Question

Compute the bulk modulus of water from the following data: Initial volume = 100.0 litre, Pressure increase = 100.0 atm ($1atm=1.013\times {10}^{5}Pa$), Final volume = 100.5 litre. Compare the bulk modulus of water with that of air (at constant temperature).
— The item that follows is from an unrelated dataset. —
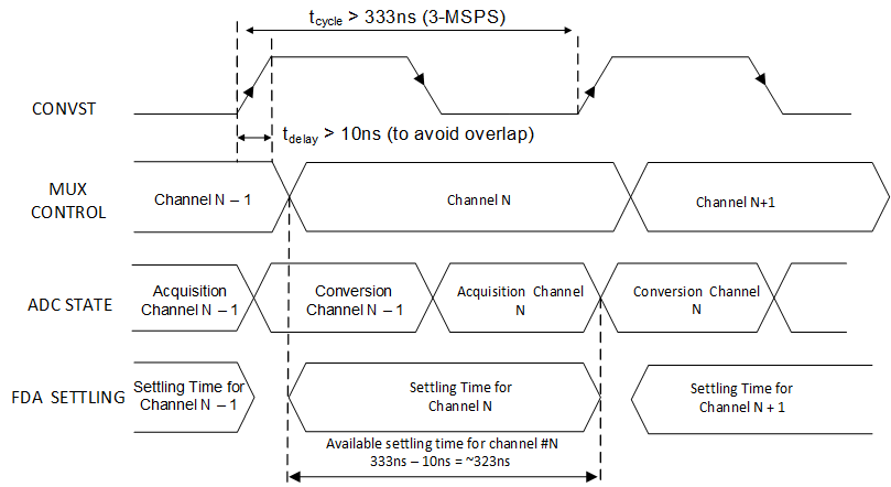 下圖顯示了 ADC 轉(zhuǎn)換控制 (CONVST) 和多路復(fù)用器通道控制時(shí)序。ADS9224R 支持 3Msps 的最大采樣速率或 333ns 的最短周期時(shí)間。為了避免在 CONVST 信號的上升沿之前切換通道,在 CONVST 上升沿之后的多路復(fù)用器通道控制時(shí)序中實(shí)現(xiàn)了短暫的延遲。有關(guān)該主題的詳細(xì)理論,請參閱 TI 設(shè)計(jì)適用于高電壓輸入的 16 位、400kSPS、四通道多路復(fù)用器數(shù)據(jù)采集系統(tǒng)參考設(shè)計(jì)。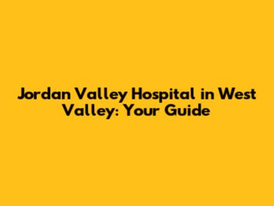 Jordan Valley Hospital In West Valley: Your Guide

Explain in simple terms why the ratio is so large.

Answer 1

Initial volume, $V_1=100.0l=100.0\times {10}^{-3}$ $m^3$
Final volume, $V_2=100.5l=100.5\times {10}^{-3}$ $m^3$
Increase in volume, $V=V_2-V_1=0.5\times {10}^{-3}$ $m^3$
Increase in pressure, $p=100.0atm=100\times 1.013\times {10}^5$ Pa
Bulk modulus = $p/\left(\Delta V/V_1\right)=p{V}_1/\Delta V$
= $100\times 1.013\times {10}^5\times 100\times {10}^{-3}/(0.5\times {10}^{-3}$ )
= $2.026\times {10}^9$ Pa
Bulk modulus of air = $1\times {10}^5$ Pa
Bulk modulus of water / Bulk modulus of air = $2.026\times {10}^9/(1\times {10}^5)=2.026\times {10}^4$
This ratio is very high because air is much more compressible than water.